I moved to Charlotte right in the middle of its Golden Age. Hugh McColl and Ed Crutchfield two local good old boys had built not one but 2 international banking empires in the same town and it looked like there was no stopping them from becoming even bigger. Charlotte was calling itself the 2nd largest financial center in the US, second only to New York City. Most of the locals were reaping the benefits of the large dividends from Nations Bank and First Union. If you didn't work for one of the 2 banks you owned a good chunk of the stock.They both endorsed a brand new, young and charismatic mayor named Pat McCory and the 3 together got funding for ever thing Charlotte needed to be a great city. We were getting mass transit, the downtown was bringing back people after dark to a football stadium, new arena, dining and entertainment venues. The Arts & Science Council and United Way were receiving full funding from everyone. The local joke was that the official bird of Charlotte was the Building Crane. They were sighted all over town, in flocks. ...... Ken Thompson wasn't replaced with an insider and now that Ken Lewis is leaving the BofA board is also looking for an outsider. Charlotte has always had a fear of outsiders. "You aren't a native Charlottean are you?" was the first question a new neighbor was always asked. The mayor ran an ill-fated campaign for Governor so the last of the Charlotte Trinity is gone. Charlotte is a ship without a captain.

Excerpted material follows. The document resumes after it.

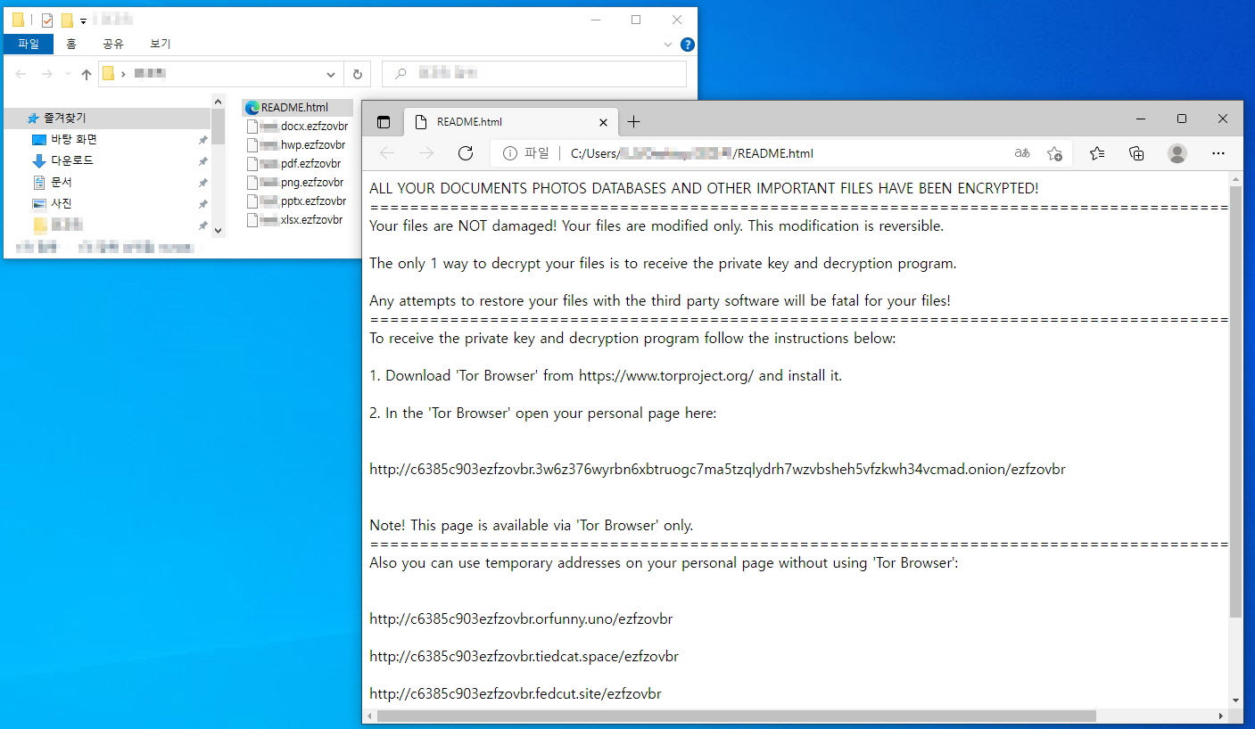 실행 후에는 '기존 파일명.czbxedz'로 변경하며, README.html 랜섬노트를 생성합니다.

The popular theory is that local tolerance lends itself to economic growth. I've been the outsider in a lot of American boomtowns. Too much is made of the parochial Rust Belt. I read about brain drain anxiety in Boston and in the Front Range of Colorado. The running joke while I was visiting Youngstown is that returning Rust Belt refugees would be greeted with the epithet of carpetbagger. Charlotte wasn't particularly welcoming to outsiders. You can ask my relatives.
The fuel for Charlotte's growth was the ability of the triumvirate to do just about anything it wanted. There weren't any political legacy costs. This is the China strategy for city building. This is the Texas advantage, a state with seemingly endless frontier spaces. I'm looking for the same political geography developing in the Rust Belt. Detroit might get there. But I've found it in full flower in Youngstown.